SOURCE RECORDS >>
- Opening Delimiter -
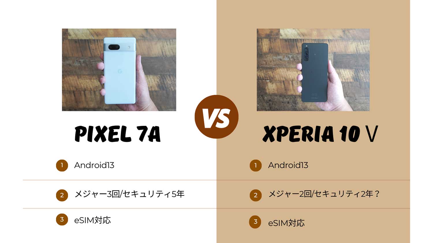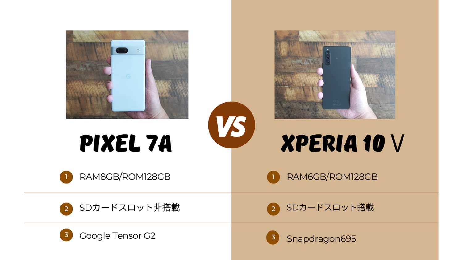 スペック的にはPixel 7aの方が強いためコスパが良いと言われますが一般層が何を求めるか次第。電池持ちや持ちやすさならXperia 10ⅤですしオールマイティさであればPixel 7aだと思います。
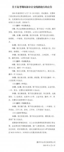 關(guān)于高考期間部分公交線路繞行的公告
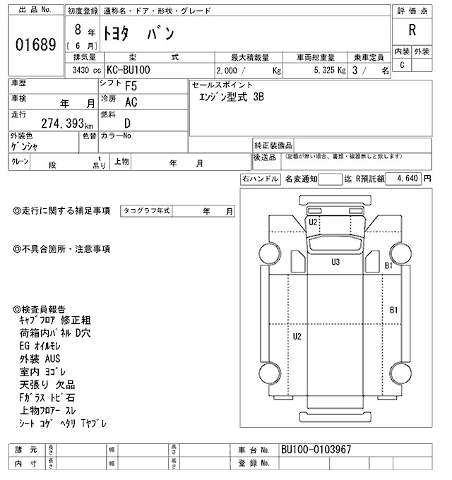 TOYOTA TOYOACE VAN - лот 1689
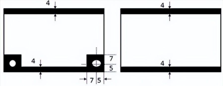 mark点 的布局位置由贴片机的PCB传输方式决定。当使用导轨传送PCB时,Mark不能放置在靠近夹持面或定位孔的位置,具体尺寸因贴片机而异。一般要求如下图 所示。
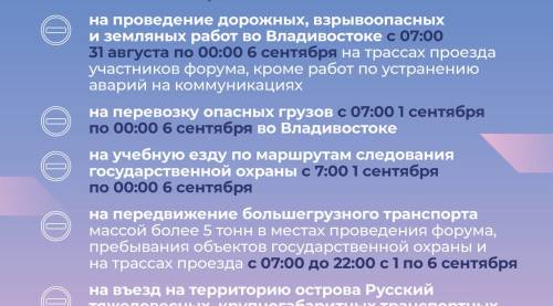 В пресс-службе правительства Приморья уточнили, в крае вводятся ряд запретов и ограничений на период Восточного экономического форума, сообщают «Вести:Приморье».
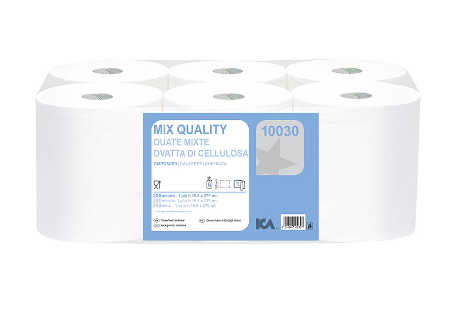 Single ply mix centrefeed towel. Soft and absorbent, it’s ideal for hand drying and wiping and drying tasks in factory, kitchen and washroom environments. It can be used on its own for portable cleaning or with dispensers. The centrefeed design allows a more economical and cost-efficient usage, by reducing the number of sheets used.
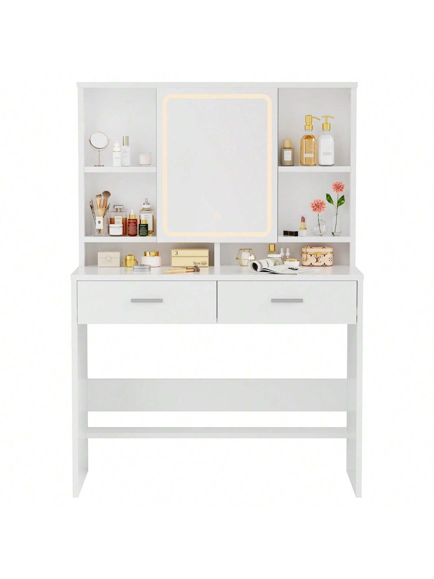 Toeletta con illuminazione a LED 3 colori Luminosità regolabile Cassetti 2 cassetti
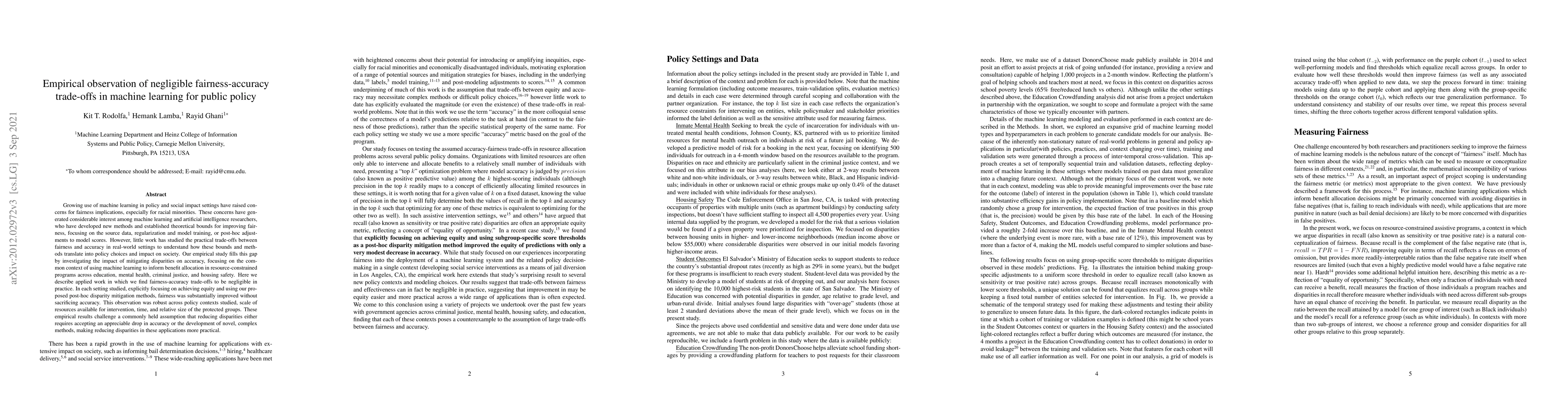 This research demonstrates negligible fairness-accuracy trade-offs in machine learning applications for public policy, showing that equity improvements can be achieved without sacrificing model accuracy across various domains like education and criminal justice. The study reveals that common disparity mitigation techniques effectively enhance fairness without harming predictive performance.
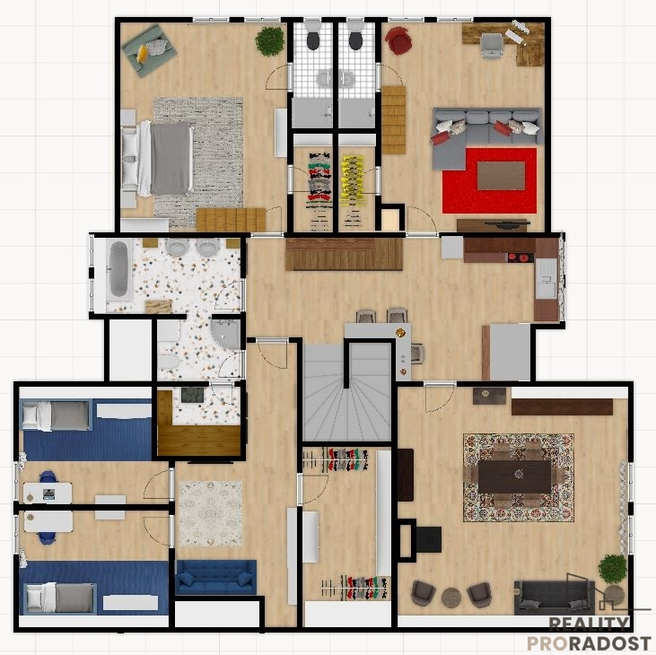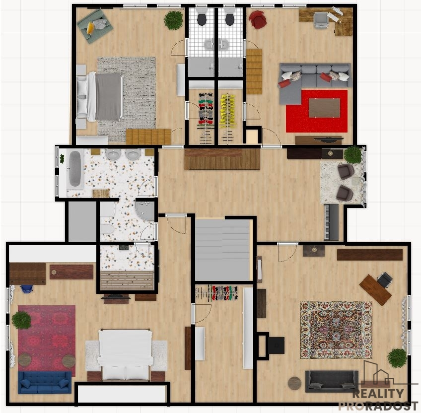• velkorysý byt v patře o velikosti cca 183 m² s mezonetovými pokoji, saunou a dalším užitným podlažím
- Closing Delimiter -
WHAT THE EXERCISE ASKS >> The final stretch of the data, from the line with "В пресс-службе правительства" through its last line, is to be retyped exactly; pictures are not part of the copy.

PROBLEM SOLUTION >>
 В пресс-службе правительства Приморья уточнили, в крае вводятся ряд запретов и ограничений на период Восточного экономического форума, сообщают «Вести:Приморье».
 Single ply mix centrefeed towel. Soft and absorbent, it’s ideal for hand drying and wiping and drying tasks in factory, kitchen and washroom environments. It can be used on its own for portable cleaning or with dispensers. The centrefeed design allows a more economical and cost-efficient usage, by reducing the number of sheets used.
 Toeletta con illuminazione a LED 3 colori Luminosità regolabile Cassetti 2 cassetti
 This research demonstrates negligible fairness-accuracy trade-offs in machine learning applications for public policy, showing that equity improvements can be achieved without sacrificing model accuracy across various domains like education and criminal justice. The study reveals that common disparity mitigation techniques effectively enhance fairness without harming predictive performance.
• velkorysý byt v patře o velikosti cca 183 m² s mezonetovými pokoji, saunou a dalším užitným podlažím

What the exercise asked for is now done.